▶ THE TASK:
Please reproduce exactly, and only, the line containing "Модель LA680WA-1BDF из" and every line after it to the end of the records below, leaving out all pictures.

▶ ENTRIES SHOWN:
╔══

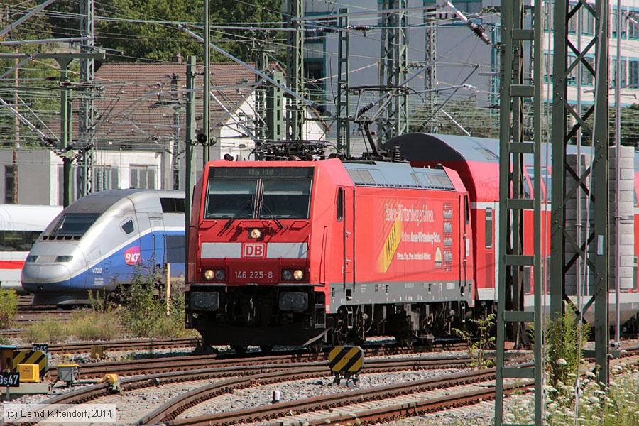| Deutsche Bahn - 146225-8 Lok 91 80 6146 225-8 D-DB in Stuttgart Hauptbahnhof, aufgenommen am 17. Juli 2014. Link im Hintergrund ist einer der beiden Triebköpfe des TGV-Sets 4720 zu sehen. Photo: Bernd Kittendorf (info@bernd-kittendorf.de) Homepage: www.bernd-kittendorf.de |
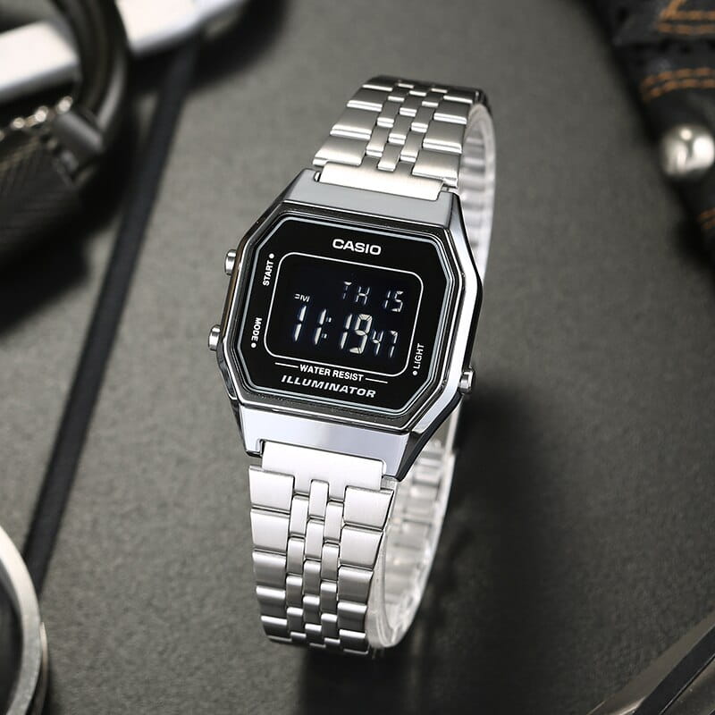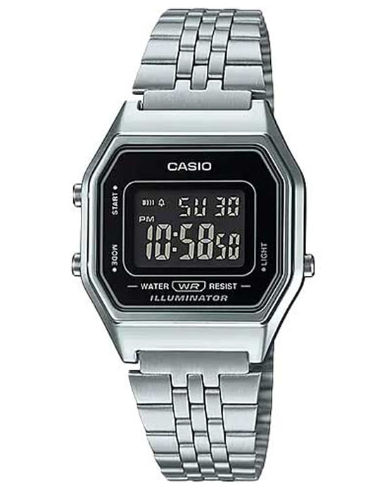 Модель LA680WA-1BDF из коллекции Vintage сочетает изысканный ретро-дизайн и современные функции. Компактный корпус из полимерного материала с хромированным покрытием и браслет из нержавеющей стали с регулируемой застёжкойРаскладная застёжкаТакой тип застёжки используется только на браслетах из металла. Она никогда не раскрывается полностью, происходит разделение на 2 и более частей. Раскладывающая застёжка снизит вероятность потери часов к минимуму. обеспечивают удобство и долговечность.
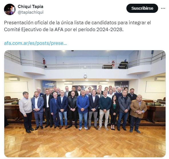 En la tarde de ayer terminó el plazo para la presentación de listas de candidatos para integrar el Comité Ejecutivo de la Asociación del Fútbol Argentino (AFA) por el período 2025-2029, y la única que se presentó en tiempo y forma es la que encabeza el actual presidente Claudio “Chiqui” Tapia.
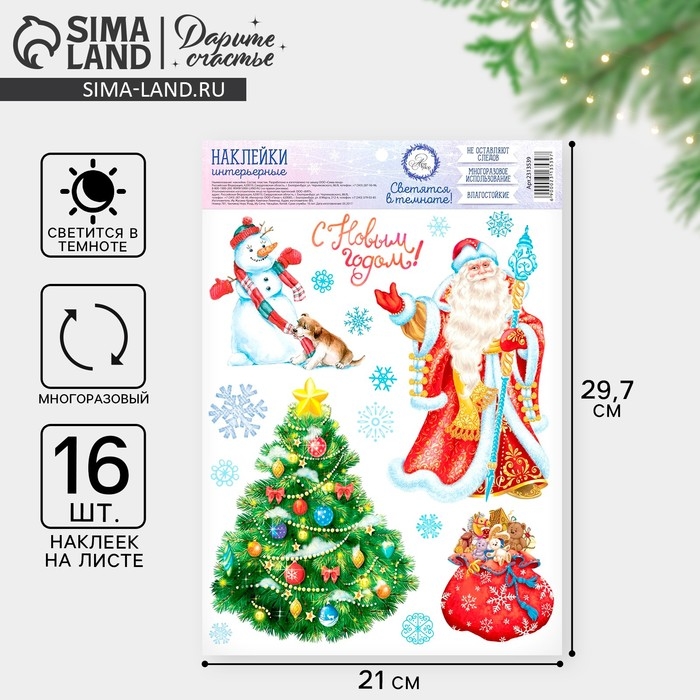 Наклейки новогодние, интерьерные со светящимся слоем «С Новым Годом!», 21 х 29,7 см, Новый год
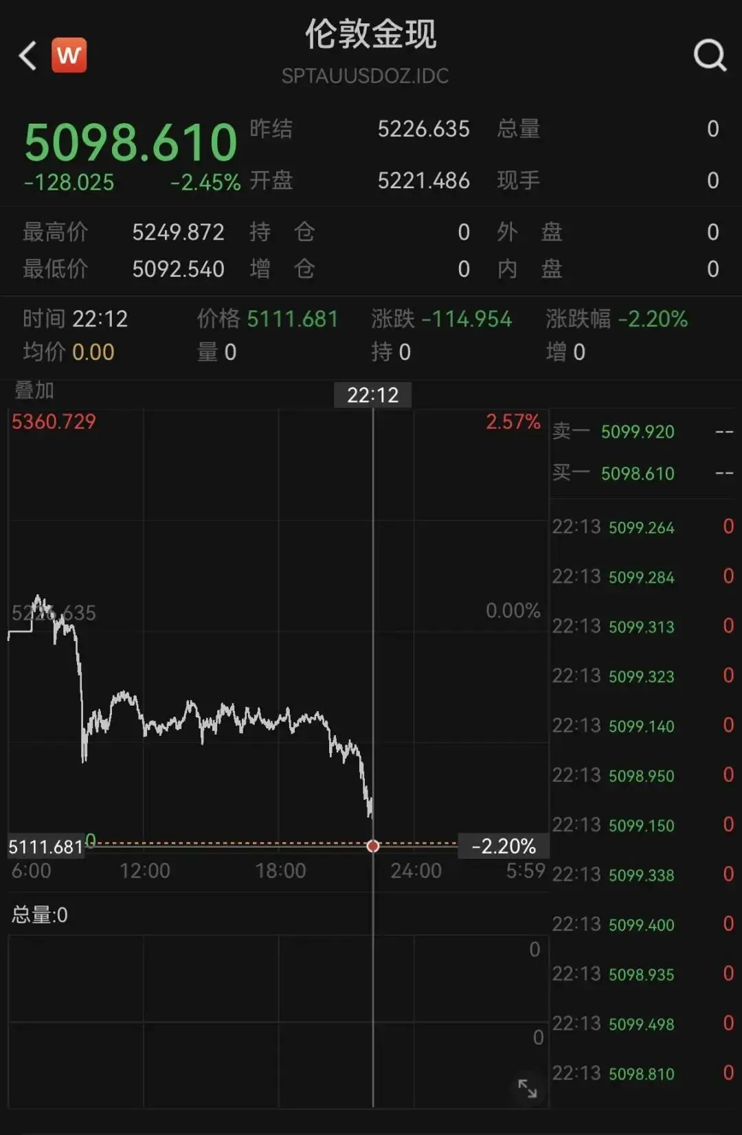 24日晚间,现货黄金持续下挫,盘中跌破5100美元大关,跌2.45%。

╚══

▶ ANSWER BOX:
 Модель LA680WA-1BDF из коллекции Vintage сочетает изысканный ретро-дизайн и современные функции. Компактный корпус из полимерного материала с хромированным покрытием и браслет из нержавеющей стали с регулируемой застёжкойРаскладная застёжкаТакой тип застёжки используется только на браслетах из металла. Она никогда не раскрывается полностью, происходит разделение на 2 и более частей. Раскладывающая застёжка снизит вероятность потери часов к минимуму. обеспечивают удобство и долговечность.
 En la tarde de ayer terminó el plazo para la presentación de listas de candidatos para integrar el Comité Ejecutivo de la Asociación del Fútbol Argentino (AFA) por el período 2025-2029, y la única que se presentó en tiempo y forma es la que encabeza el actual presidente Claudio “Chiqui” Tapia.
 Наклейки новогодние, интерьерные со светящимся слоем «С Новым Годом!», 21 х 29,7 см, Новый год
 24日晚间,现货黄金持续下挫,盘中跌破5100美元大关,跌2.45%。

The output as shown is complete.